Catherine regarded the tense, quivering little figure with chill dislike.
“You married my brother,” she replied imperturbably.
“And you have separated us! But for you, we should be happy together—he and baby and I! But you have spoilt it all. I suppose”—a hint of the Latin Quarter element in her asserting itself—“I suppose you think no one good enough to marry into your precious family!”
Catherine paused on her way to the cupboard, a pile of fine linen pillowslips in her hands.
“Yes,” she said quietly. “It is I who have separated you—spoilt your happiness, if you like. And I am glad of it. I can’t expect anyone like you to understand”—there was the familiar flavour of disparagement in her tones—“but I am thankful that my brother has seen the wickedness of his marriage with you, that he has repented of it, and that he is making the only atonement possible!”
She turned and composedly laid the pile of pillowslips in their appointed place on the shelf. A faint fragrance of dried lavender drifted out from the dark depths of the cupboard. Diane always afterwards associated the smell of lavender with her memories of Catherine Vallincourt, and the sweet, clean scent of it was spoiled for her henceforward.
“I hate you!” she exclaimed in a low voice of helpless rage. “I hate you—and I wish to God Hugh had never had a sister!”
“Well”—composedly—“he will not have one much longer.”
Diane stared.
“What do you mean?”
“I mean that as far as our life together is concerned, it is very nearly over.”
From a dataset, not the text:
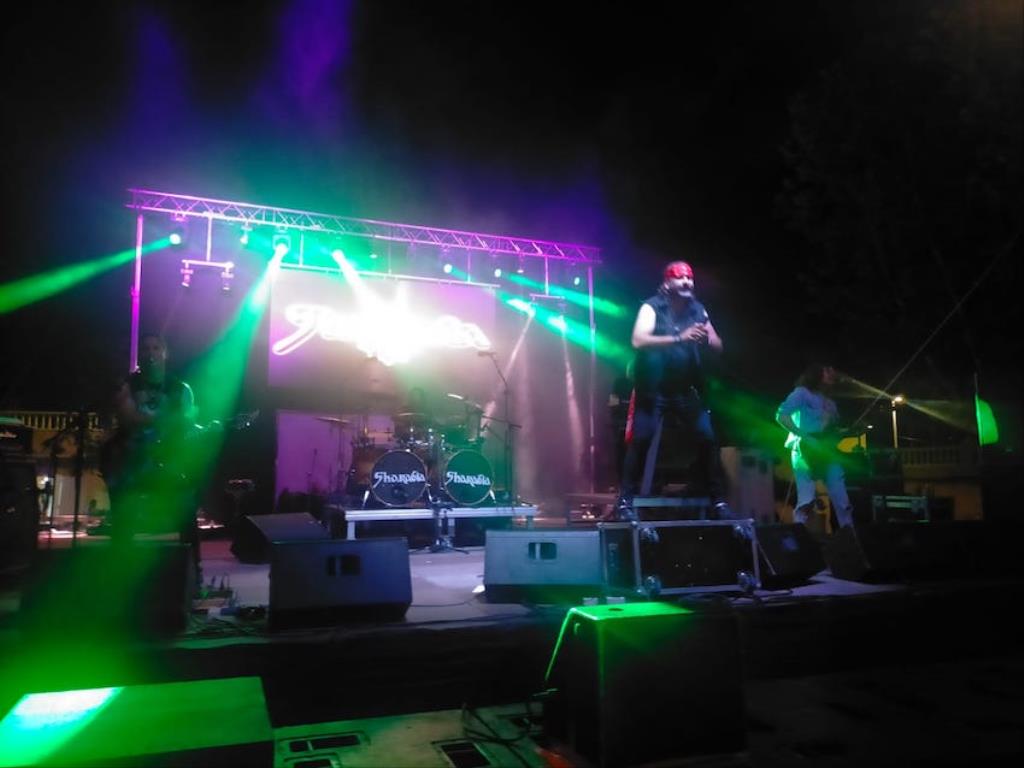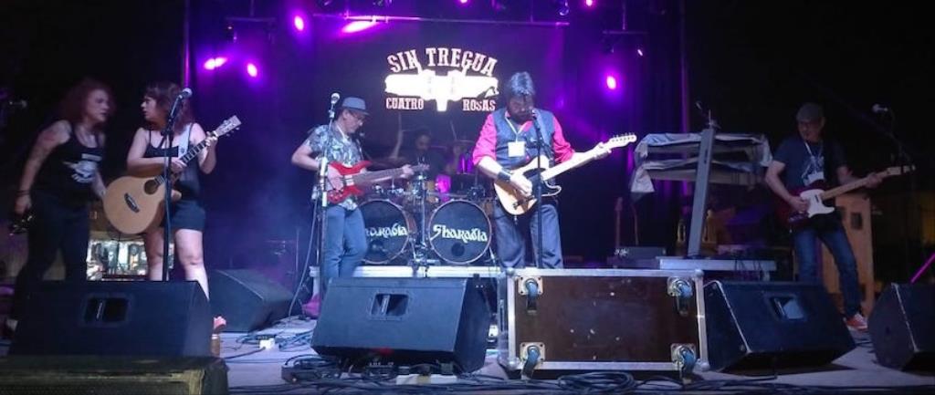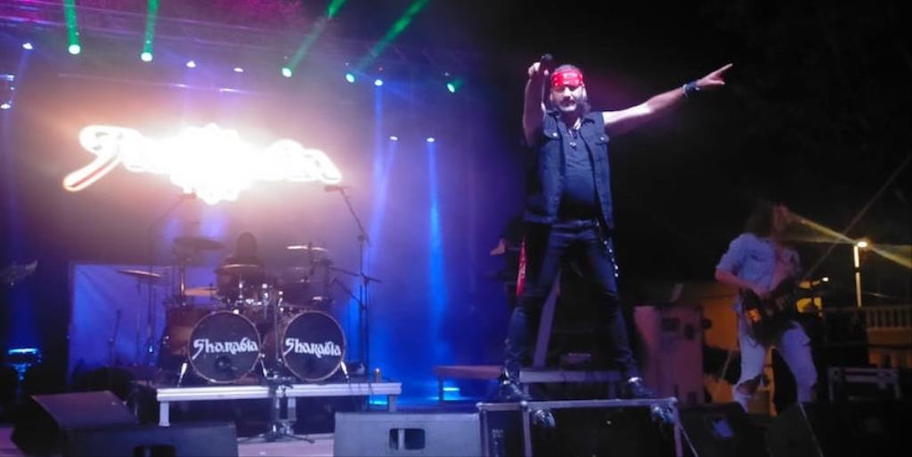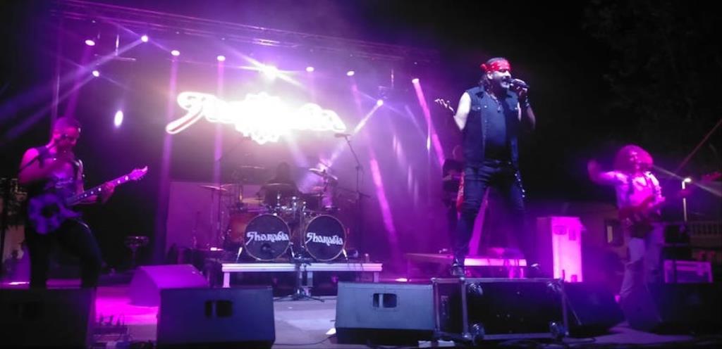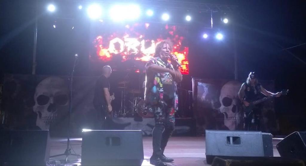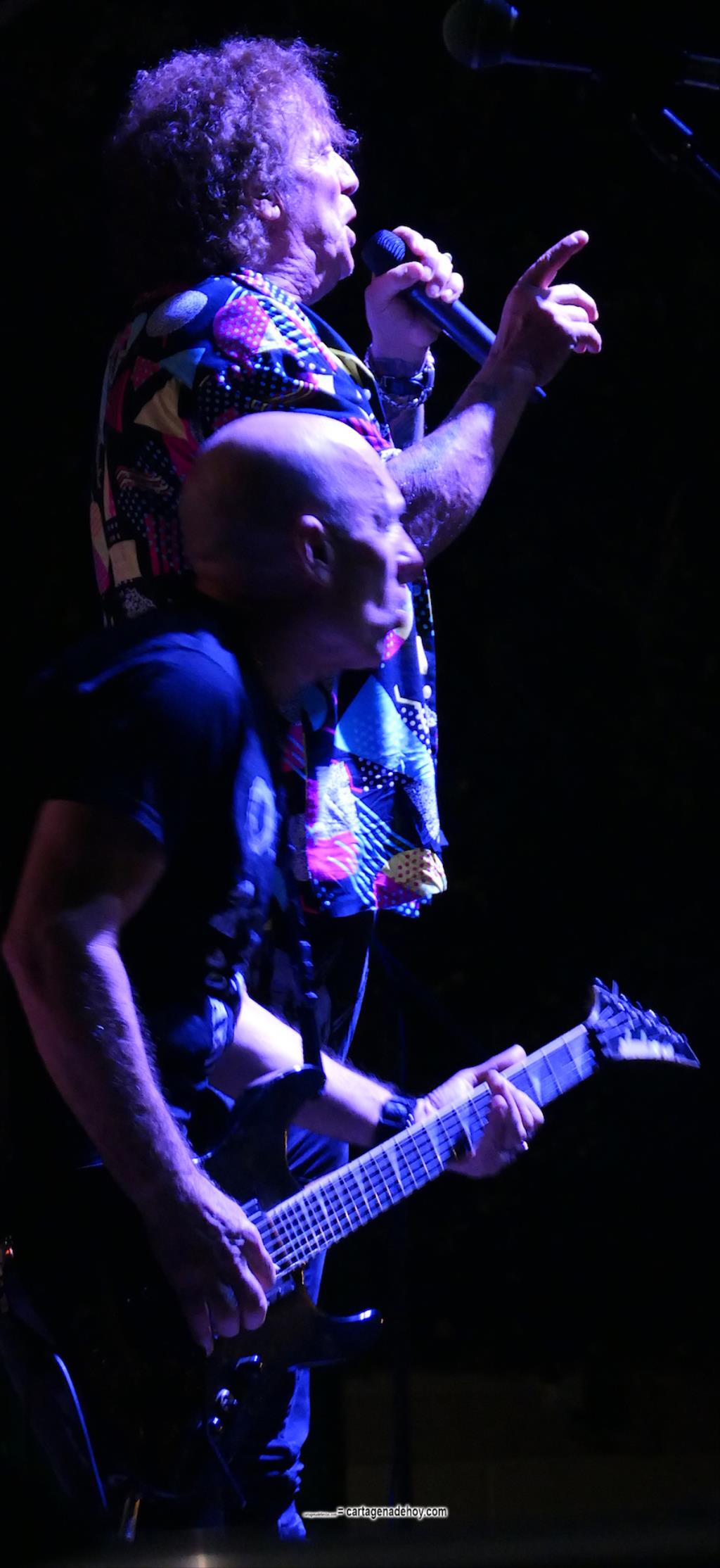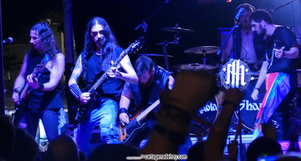 Vamos al capítulo musical, que comenzó sobre las diez y media de la noche y alcanzó las cuatro de una madrugada en la que, poco después, regresó la lluvia a Cartagena. Estupendas actuaciones de ‘Sin tregua’, ‘Sharabia’ y ‘Ángel Negro’, que también tienen a sus fieles conquistados merced a su buenhacer y calidad sonora, dentro de las variantes del rock que ofrecieron. Minutos antes de las dos de la madrugada apareció el cuarteto de ‘Obús’, siendo el último en subir al escenario un Fortu con camisa colorida, lo que contrastó en un ambiente donde la mayoría lucían las tradicionales camisetas negras. Comenzó con “Necesito más” y no faltó en su repertorio el súperconocido ‘Va a estallar el obús’ ni el ‘Dinero, dinero’ o el ‘Que te jodan’. Maestro sobre las tablas, fue puntal en mantener el júbilo entre el público. “¡¿Dónde estamos?!”, preguntaba a gritos. Unos decían que en Cartagena y otros que en Vista Alegre. Pues no… “¡Estamos en un concierto de rock…, arriba las manos!”.

“Do you mean”—Diane bent towards her breathlessly—“do you mean that you are going away—going away from Coverdale?”
“Yes. I am entering a sisterhood—that of the Sisters of Penitence, a community Hugh is endowing with money that is urgently needed.”
“Endowing?”
“As part of the penance he has set himself to perform.” Catherine’s steely glance met and held the younger woman’s. “Thanks to you, the remainder of his life will be passed in expiation.”
Diane shook her head carelessly. Such side-issues were of relatively small importance compared with the one outstanding, amazing fact: Catherine was going away! Going away from Coverdale—for ever!
“Yes”—Catherine read her thoughts shrewdly—“yes, you will be rid of me. I shall not be here much longer.”
Diane struck her hands together. For once, not even the fear of Catherine’s gibing tongue could hold her silent.
“I’m glad—glad—glad you’re going away!” she exclaimed passionately. “When you are gone I will win back my husband.”
“Do you think so?” was all she said.
But to Diane’s keyed-up consciousness it was as though the four short words contained a threat—the germ of future disaster.
In due time Catherine quitted Coverdale for the austere seclusion of the sisterhood, and a very few weeks sufficed to convince Diane that her forebodings had been only too well founded.